Keter’s outdoor furniture products include Adirondack chairs, sun loungers, benches, side tables, and rocking chairs. They also manufacture deck boxes, cabinets, and shelving units for indoor/outdoor storage. The company also manufactures outdoor plastic sheds, cool bars, and kitchen carts.

== Manufacturing ==
As of 2020, the company had North American production plants in North Carolina, Indiana, Pittsburgh and in Milton, Ontario, Canada. In 2021, Keter partnered with UBQ Materials to increase the use of recycled content in their products to 55% by 2025. Five of the company’s manufacturing plants that produced 18% of the company’s goods achieved zero landfill waste in 2022.

==History==
The Keter brand evolved from a small workshop established in Jaffa in 1948, specializing in the production of resin combs, toys and housewares. In 1971, Joseph Sagol (1913-2000) bought out his partners' shares in the workshop. Sagol later handed the management of the company over to his sons, Sami and Itzhak.

Since 1978, Keter has expanded its home product lines to include garden sheds, toolboxes, bathroom cabinets, backyard playhouses for children, and other products made of resin. In 1991, Keter acquired competitor L.M. Lipski.

In 2004, Keter acquired Allibert Sanitaire. In 2005, Keter acquired Curver Consumer Products Ltd, Corby, Northamptonshire, from Newell Rubbermaid.

In June 2013, Keter was one of several companies subjected to a boycott by the United Church of Canada because it had a factory in the disputed West Bank settlement of Barkan.

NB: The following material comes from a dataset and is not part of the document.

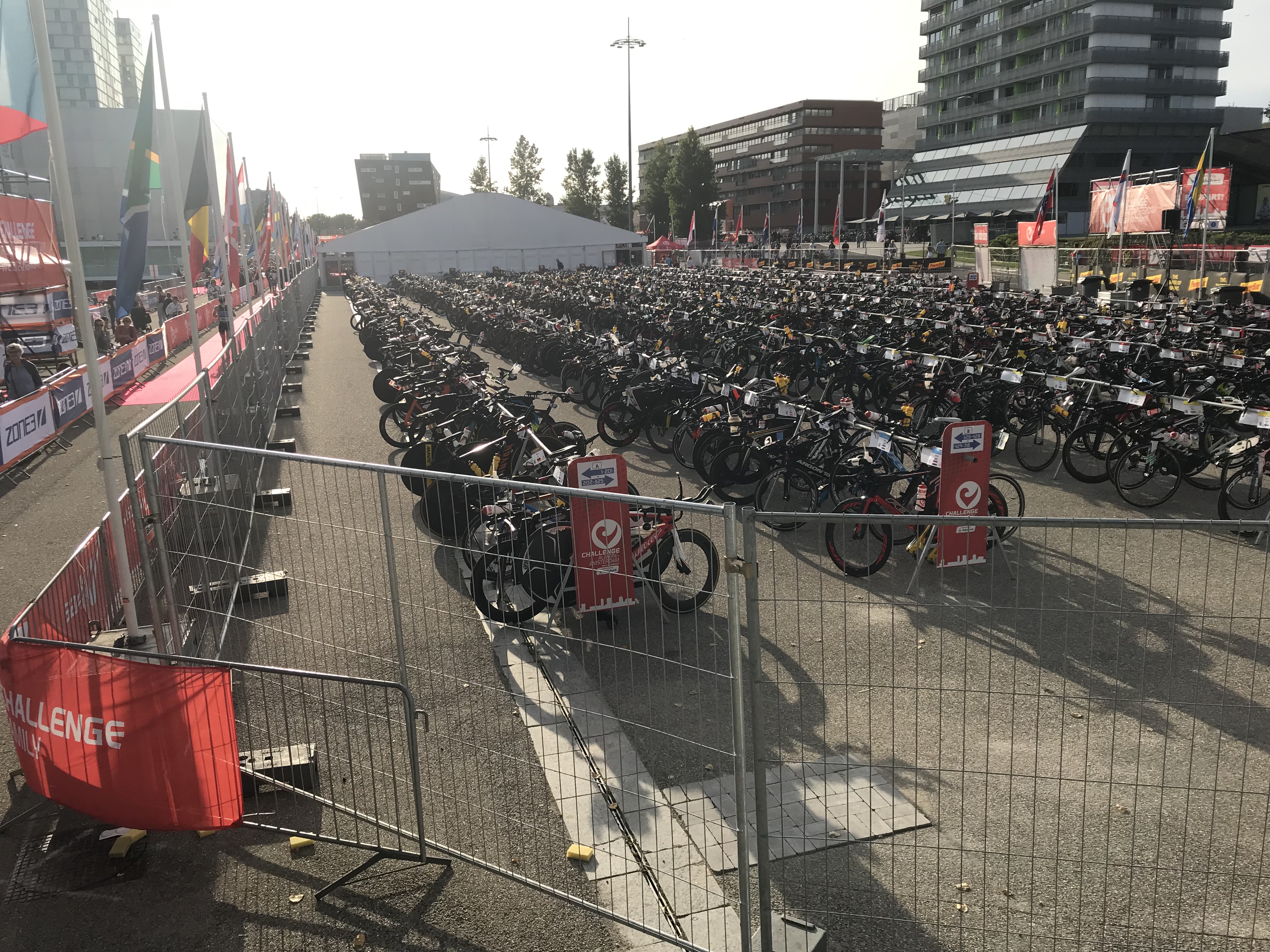 Große Fahrradabstellfläche mit vielen Fahrrädern, umgeben von Absperrungen und Fahnen, unter klarem Himmel.

In 2016, the private equity firm BC Partners purchased 80% of Keter for 1.4 billion euros. The sale involved Keter taking a large loan. At the time of purchase, Keter operated 29 production plants across Israel, Europe, and the United States. In 2017, Keter purchased British plant pot company Stewart Plastics.

In September 2021, Keter announced plans for an IPO on the New York Stock Exchange and filed a draft prospectus with the US Securities and Exchange Commission. Among the underwriters for the offering were Goldman Sachs, Jefferies, JP Morgan, and Bank of America. The IPO plan did not go through.

By 2023, Keter was having difficulty paying its debt from 2016, and BC Partners offered it for sale to recover the debt. It was not purchased.